A few weeks ago I introduced the film on its first weekend on release and therefore spent some time thinking about how the Dardenne brothers present themselves as filmmakers and how they are generally understood by critics, reviewers and audiences. My notes for that ‘Illustrated Talk’ are downloadable here:
My conclusion was that most commentators are too keen to try and pigeon-hole the brothers as fitting a specific category in terms of approach, styles, themes etc. Certainly all of their films since the mid-1990s have been set in their home town of Seraing in the Meuse Valley of Wallonia, the francophone region of South-Eastern Belgium, and each film focuses on one or two characters facing some kind of problem connected to a current social issue. However, the approach and the style does change and in the DVD ‘extras’ of the previous film Le gamin au vélo (The Kid With a Bike, 2010), the two brothers (who share writing, production anddirection) demonstrate how they set up certain scenes. They discuss these in some detail and explain the differences between the films in terms of how the camera is used etc. So, for instance, Sandra in Two Days, One Night is on a quest which sends her around Seraing over a weekend and we follow her – much as we follow the central character in Rosetta (1999). But the teenage Rosetta is a very different type of character to Sandra and the Dardennes’ camera follows her as if she is a soldier in a war combat film. Rosetta is a strong young woman determined to do anything to get, and keep, a job. She needs to be strong because her single parent mother is an alcoholic who threatens to drink away Rosetta’s earnings. ‘Following’ the embattled Rosetta with the camera requires a different approach to that in The Kid With a Bike in which Cyrille, in a summery Seraing, is like a character in a fairy-tale searching for his ‘lost’ father and oscillating between the ‘bad’ fairy (the local gangleader) and the ‘good fairy’ Samantha who agrees to be his foster-mother. Sandra is different again in a very physical performance by Marion Cotilard as a woman weakened by depression and medication who must find the energy and self-belief to ask difficult questions of her work-mates.

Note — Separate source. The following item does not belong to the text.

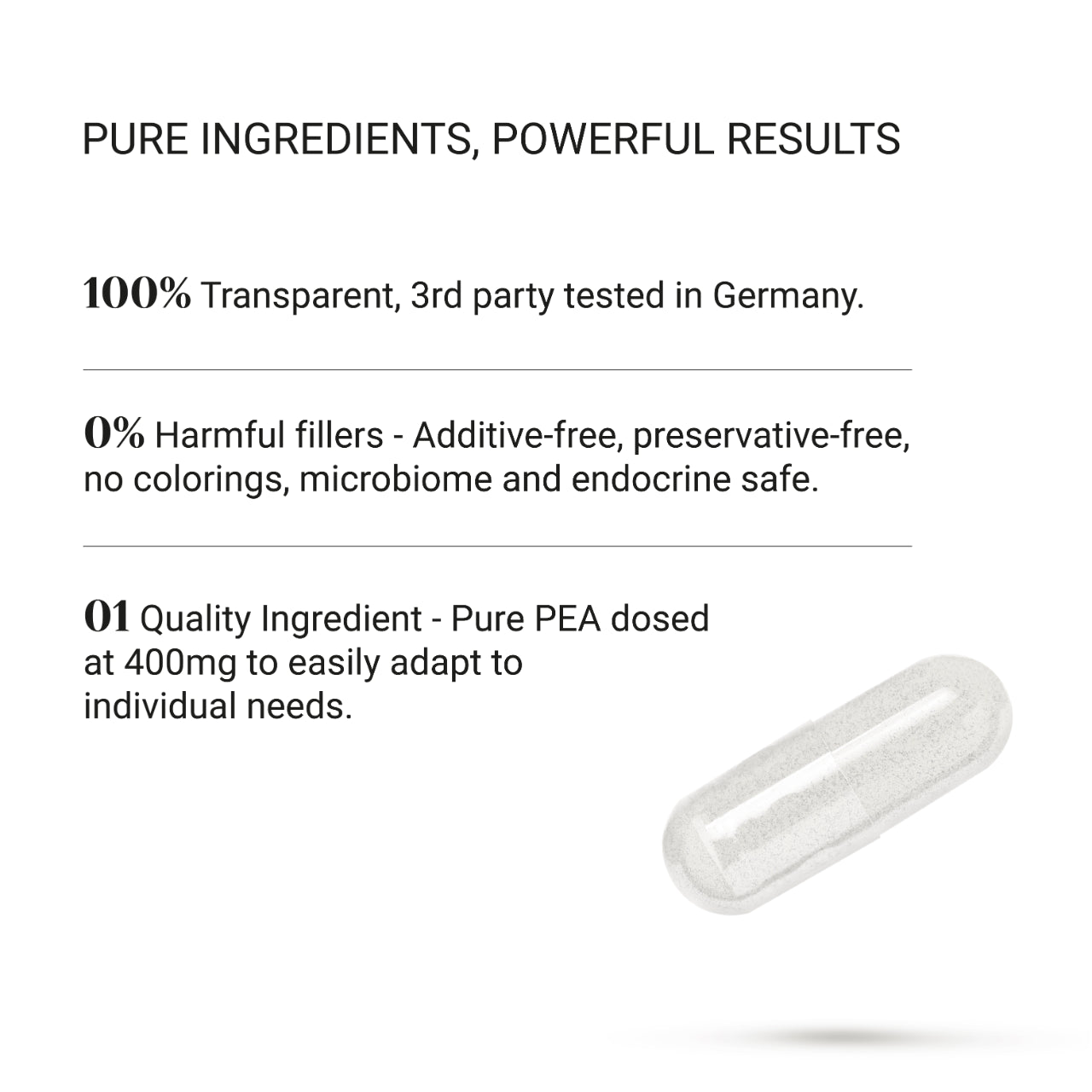 Sin rellenos nocivos, aditivos artificiales ni conservantes innecesarios.

The publicity for the release of Two Days, One Night focused on the presence of Marion Cotillard as the ‘first A List star’ that the Dardennes had cast in their films. Ms Cotillard is certainly a major star of French cinema as well as appearing in major international Hollywood productions. But Cécile de France was also a major star when she accepted the role as Samantha in Le gamin au vélo. The key point is that whereas de France, a Walloon from Namur, is ‘culturally appropriate’, Cotillard was born in Paris and grew up in Orléans. She can play the role of a woman in Seraing and give it authenticity because of her skill – but this is nevertheless a change in the Dardennes’ approach. The ‘star stature’ is also important. In the clips referenced above the Dardennes discuss how they choreographed scenes and used the camera taking into account Cécile de France’s experience when working with a young non-professional on Le gamin au vélo. De France is a leading figure in the film, but not actually the central character. Marion Cotillard is the main focus of Two Days, One Night. She gives a wonderful performance but the question remains as to what extent her star persona – which includes her willingness to represent the tired and ‘worn’ working woman – is read by audiences as an element in the presentation of the narrative. Does it change the sense of authenticity? After two screenings I’m still not sure. As an exercise, it might be worth comparing Cotillard’s performance with that of Julia Roberts in Erin Brockovich (US 2000). The two films are very different but the issue about a star creating a character within a social realist aesthetic is worth pursuing.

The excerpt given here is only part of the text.